Therefore, the generated “set of output images” are equivalent to second content items.).

Regarding Claim 4. Xu further teaches The computer-implemented method of claim 3, further comprising:
obtaining image metadata relating to the user-identified image (Xu, [0044], FIG. 6 shows the system receiving a selection of a particular search result 601 in the example embodiment shown in FIGS. 4 and 5. Scrolling may display more results. Box 602 displays metadata associated with result 601 which includes generation parameters in the form of a model 604, prompt 606, and parameters 608. In some embodiments, when a cursor hovers over an image in the search results, for example search result 601, a box displaying the associated metadata, for example box 602, may be displayed. In one embodiment, box 602 may be displayed for any selected search result.);
generating first image generation prompts based on the image metadata (Xu, [0045] FIG. 7 shows the embodiment of FIGS. 4-6 receiving a request to merge the prompt 606 with prompt 501, as indicated by the position of cursor 402 over the merge option 701. Upon receiving the selection of merge option 701, the system uses the prompt analysis and merge engine 206 to merge the prompts 501 and 606 to create prompt 702 "a 68 year old priest with red robe, Vincent Van Gogh." The model 604 and parameters 608 are input upon receiving the instructions to merge as well.); and
inputting the first image generation prompts to the generative image model, the generative image model generating the first images based on the first image generation prompts (Xu, [0046] FIG. 8 shows the embodiment of FIGS. 4-7 after the system 201 has merged the inputs. The system 201 displays the results of the search 801 using the merged search elements, that is prompt 702, model 604, and parameters 608.

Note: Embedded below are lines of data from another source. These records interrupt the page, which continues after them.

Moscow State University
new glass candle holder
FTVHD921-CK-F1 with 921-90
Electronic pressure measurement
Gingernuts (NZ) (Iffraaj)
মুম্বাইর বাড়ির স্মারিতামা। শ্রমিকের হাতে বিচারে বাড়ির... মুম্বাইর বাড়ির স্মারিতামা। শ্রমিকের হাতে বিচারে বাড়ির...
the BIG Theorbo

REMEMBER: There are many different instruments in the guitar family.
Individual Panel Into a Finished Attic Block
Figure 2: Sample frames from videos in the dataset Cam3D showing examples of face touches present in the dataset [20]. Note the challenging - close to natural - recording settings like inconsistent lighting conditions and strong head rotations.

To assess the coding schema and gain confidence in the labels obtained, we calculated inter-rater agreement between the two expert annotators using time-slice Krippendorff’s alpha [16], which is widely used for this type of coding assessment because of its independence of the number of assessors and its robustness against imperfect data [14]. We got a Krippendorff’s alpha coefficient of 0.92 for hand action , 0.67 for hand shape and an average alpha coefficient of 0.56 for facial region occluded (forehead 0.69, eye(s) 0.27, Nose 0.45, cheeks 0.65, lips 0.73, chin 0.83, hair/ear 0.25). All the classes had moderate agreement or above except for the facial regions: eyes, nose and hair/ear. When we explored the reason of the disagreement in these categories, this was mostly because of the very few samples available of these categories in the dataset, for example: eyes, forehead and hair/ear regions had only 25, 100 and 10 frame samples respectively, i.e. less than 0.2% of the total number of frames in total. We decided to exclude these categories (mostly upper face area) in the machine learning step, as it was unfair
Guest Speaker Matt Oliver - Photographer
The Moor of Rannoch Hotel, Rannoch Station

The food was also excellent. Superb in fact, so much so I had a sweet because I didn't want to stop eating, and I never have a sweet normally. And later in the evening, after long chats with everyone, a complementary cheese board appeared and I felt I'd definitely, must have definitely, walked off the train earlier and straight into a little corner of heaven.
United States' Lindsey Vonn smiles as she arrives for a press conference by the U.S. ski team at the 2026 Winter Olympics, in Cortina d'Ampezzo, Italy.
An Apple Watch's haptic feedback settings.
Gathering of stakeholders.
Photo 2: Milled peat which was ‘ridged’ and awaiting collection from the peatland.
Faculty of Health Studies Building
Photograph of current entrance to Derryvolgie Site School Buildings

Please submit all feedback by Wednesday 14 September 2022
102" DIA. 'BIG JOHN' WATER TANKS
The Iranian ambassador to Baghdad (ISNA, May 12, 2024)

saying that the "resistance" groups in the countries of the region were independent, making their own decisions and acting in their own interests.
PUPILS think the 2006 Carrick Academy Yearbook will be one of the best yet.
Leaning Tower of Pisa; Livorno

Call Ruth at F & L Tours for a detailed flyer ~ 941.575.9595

[0047] When the system receives instruction 805 to generate an image it may generate and display a newly created image.).

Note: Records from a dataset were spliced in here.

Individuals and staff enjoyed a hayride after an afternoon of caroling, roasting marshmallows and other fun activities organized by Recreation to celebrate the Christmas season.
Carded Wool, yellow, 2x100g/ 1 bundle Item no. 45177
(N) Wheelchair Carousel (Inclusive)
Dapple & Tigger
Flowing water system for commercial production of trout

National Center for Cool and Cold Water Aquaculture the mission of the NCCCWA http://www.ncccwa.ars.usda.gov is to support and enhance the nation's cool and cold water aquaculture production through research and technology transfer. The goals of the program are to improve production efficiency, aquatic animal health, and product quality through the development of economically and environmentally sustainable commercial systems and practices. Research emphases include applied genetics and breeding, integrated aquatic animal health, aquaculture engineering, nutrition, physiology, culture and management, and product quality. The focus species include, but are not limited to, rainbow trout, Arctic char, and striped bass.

Regarding Claim 5. Xu further teaches The computer-implemented method of claim 4, wherein the one or more generative models comprise a generative language model, the computer-implemented method further comprising:
generating a first language generation prompt based on the image metadata (Xu, abstract, the invention describes systems and methods to enhance the process of creating an artificial intelligence (AI) generated content or content items, such as images, text, video, sounds, etc., using a text or other suitable prompt, such as via voice input. The systems and methods disclosed provide streamlined content generation with, e.g., reduced processing power and computing time. In an embodiment the systems and methods receive a prompt for generating a first content item using a generative artificial intelligence (AI) model and retrieve, based on the prompt, a collection of matching content items. The systems and methods may then receive input selecting one of the content items from the collection and identify a prompt used to generate the selected content item. The systems and methods may then merge using a trained natural language processing model, the received prompt with the prompt of the selected content item to create a third prompt. In an embodiment the systems and methods may modify the third prompt based on additional input and, based on the modified third prompt, generate a second content item. 

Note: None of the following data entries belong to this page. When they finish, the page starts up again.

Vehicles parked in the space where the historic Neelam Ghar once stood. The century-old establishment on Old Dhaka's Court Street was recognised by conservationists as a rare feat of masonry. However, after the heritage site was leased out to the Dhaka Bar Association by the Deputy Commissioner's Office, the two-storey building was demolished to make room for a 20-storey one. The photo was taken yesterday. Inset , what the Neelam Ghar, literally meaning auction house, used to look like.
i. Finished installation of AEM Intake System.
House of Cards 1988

[0045] FIG. 7 shows the embodiment of FIGS. 4-6 receiving a request to merge the prompt 606 with prompt 501, as indicated by the position of cursor 402 over the merge option 701. Upon receiving the selection of merge option 701, the system uses the prompt analysis and merge engine 206 to merge the prompts 501 and 606 to create prompt 702 "a 68 year old priest with red robe, Vincent Van Gogh." The model 604 and parameters 608 are input upon receiving the instructions to merge as well.); and
inputting the first language generation prompt to the generative language model, the generative language model outputting the first image generation prompts in response to the first language generation prompt (Xu, [0030] The prompt analysis and merge engine 206, in some embodiments, includes a sentence merging model that can be trained to merge the main descriptions of two prompts together by fine tuning a large pretrained language model, like OpenAI's GPT BERT, XLNet, or ROBERTa with collected training data.  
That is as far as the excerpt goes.